**Directions:**
Select every line below containing the word "SCHC".

**Data for this exercise:**
******
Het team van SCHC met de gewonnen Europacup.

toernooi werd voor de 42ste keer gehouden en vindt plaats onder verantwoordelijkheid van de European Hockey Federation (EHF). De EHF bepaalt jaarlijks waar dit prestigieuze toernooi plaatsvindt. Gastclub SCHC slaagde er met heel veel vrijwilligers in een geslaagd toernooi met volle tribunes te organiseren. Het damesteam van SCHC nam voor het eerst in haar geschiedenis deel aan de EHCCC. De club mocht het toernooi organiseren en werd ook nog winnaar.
******
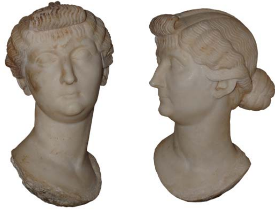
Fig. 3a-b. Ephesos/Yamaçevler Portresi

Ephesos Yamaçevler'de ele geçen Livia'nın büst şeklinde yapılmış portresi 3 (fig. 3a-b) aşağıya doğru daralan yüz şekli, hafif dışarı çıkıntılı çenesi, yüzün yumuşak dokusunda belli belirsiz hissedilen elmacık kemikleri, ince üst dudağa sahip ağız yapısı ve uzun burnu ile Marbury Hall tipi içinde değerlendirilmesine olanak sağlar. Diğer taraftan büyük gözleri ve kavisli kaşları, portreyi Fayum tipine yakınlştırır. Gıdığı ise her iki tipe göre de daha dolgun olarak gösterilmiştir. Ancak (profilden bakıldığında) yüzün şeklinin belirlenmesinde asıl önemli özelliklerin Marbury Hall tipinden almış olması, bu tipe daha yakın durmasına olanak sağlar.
******
**Exercise output:**
Het team van SCHC met de gewonnen Europacup.
toernooi werd voor de 42ste keer gehouden en vindt plaats onder verantwoordelijkheid van de European Hockey Federation (EHF). De EHF bepaalt jaarlijks waar dit prestigieuze toernooi plaatsvindt. Gastclub SCHC slaagde er met heel veel vrijwilligers in een geslaagd toernooi met volle tribunes te organiseren. Het damesteam van SCHC nam voor het eerst in haar geschiedenis deel aan de EHCCC. De club mocht het toernooi organiseren en werd ook nog winnaar.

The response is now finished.